STORED DATA: Begin
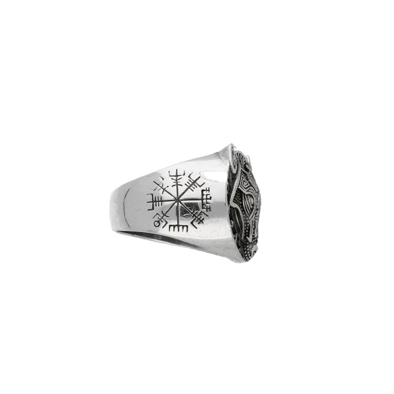 The sides of the ring are marked with Vegvisir, a magical symbol found in the Icelandic magical grimoires. It is a wayfinding symbol, use it, and you will never lose your way, even if you don't know your final destination.
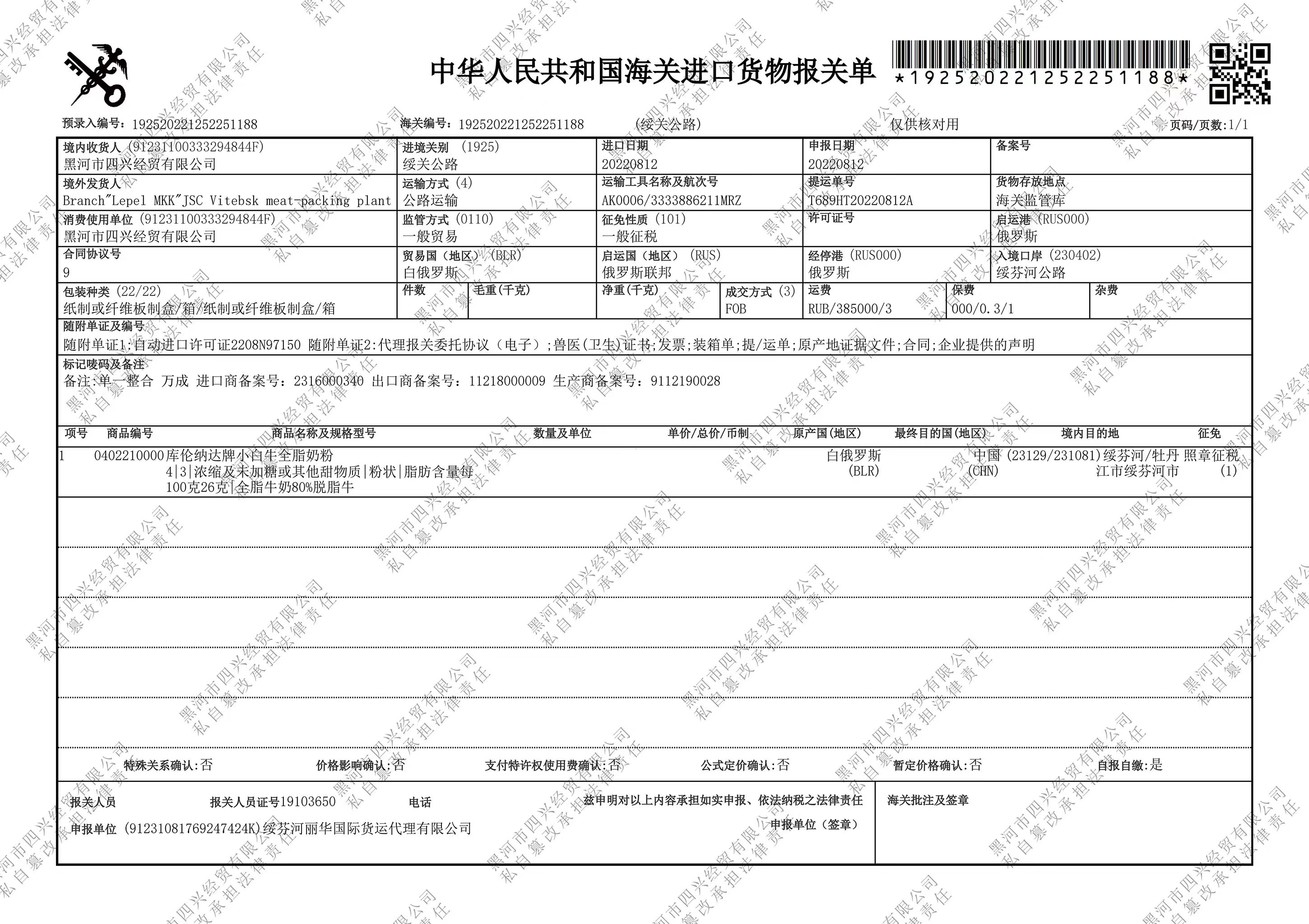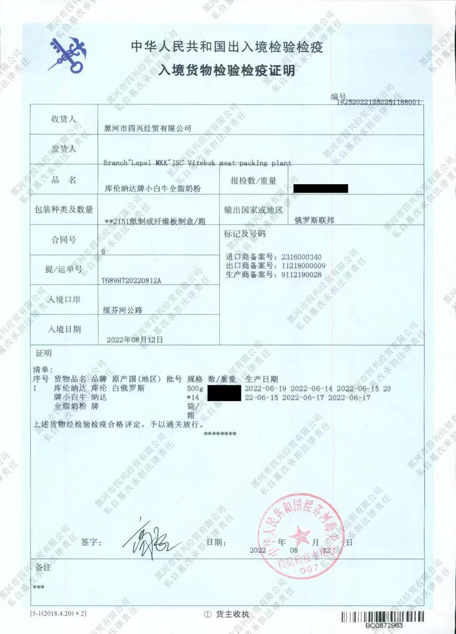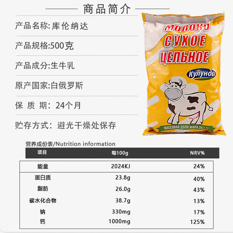 【中欧班列精选】俄罗斯品牌 库伦纳达小白奶牛生牛乳粉全脂高钙无加糖速溶500g/袋 成人奶粉
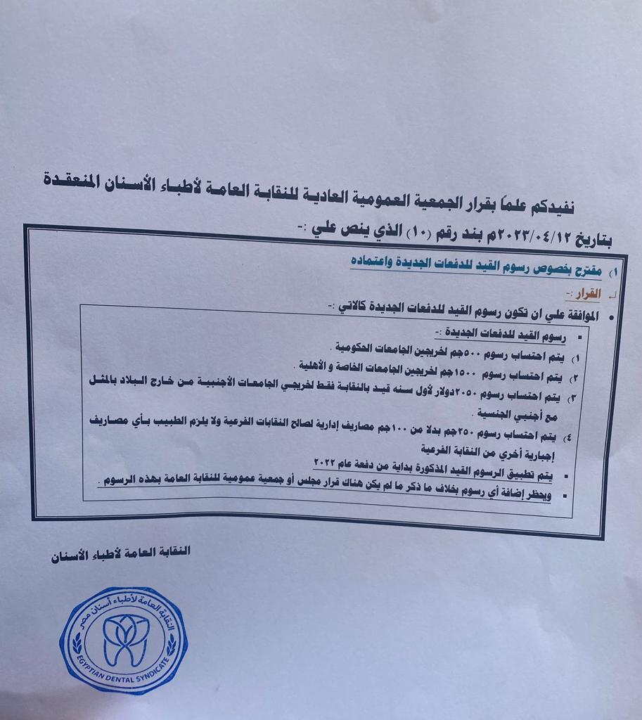 قرار الجمعية العمومية يخضع لمراجعة من المستشار القانوني للنقابة، وهو ما أكده النقيب العام لأطباء الأسنان، وأن هذا القرار تم عرضه على المستشار القانوني وممثل من الجهاز المركزي للمحاسبات خلال الجمعية العمومية ولم يُبدِ أيٌّ منهما اعتراضا عليه، مشيرا إلى أن تجديد القيد بعد ذلك سيكون بالجنيه المصري.
STORED DATA: End
TO DO: Give back the material word for word and drop the pictures it holds.

RESULT OF THIS TASK:
 The sides of the ring are marked with Vegvisir, a magical symbol found in the Icelandic magical grimoires. It is a wayfinding symbol, use it, and you will never lose your way, even if you don't know your final destination.
 【中欧班列精选】俄罗斯品牌 库伦纳达小白奶牛生牛乳粉全脂高钙无加糖速溶500g/袋 成人奶粉
 قرار الجمعية العمومية يخضع لمراجعة من المستشار القانوني للنقابة، وهو ما أكده النقيب العام لأطباء الأسنان، وأن هذا القرار تم عرضه على المستشار القانوني وممثل من الجهاز المركزي للمحاسبات خلال الجمعية العمومية ولم يُبدِ أيٌّ منهما اعتراضا عليه، مشيرا إلى أن تجديد القيد بعد ذلك سيكون بالجنيه المصري.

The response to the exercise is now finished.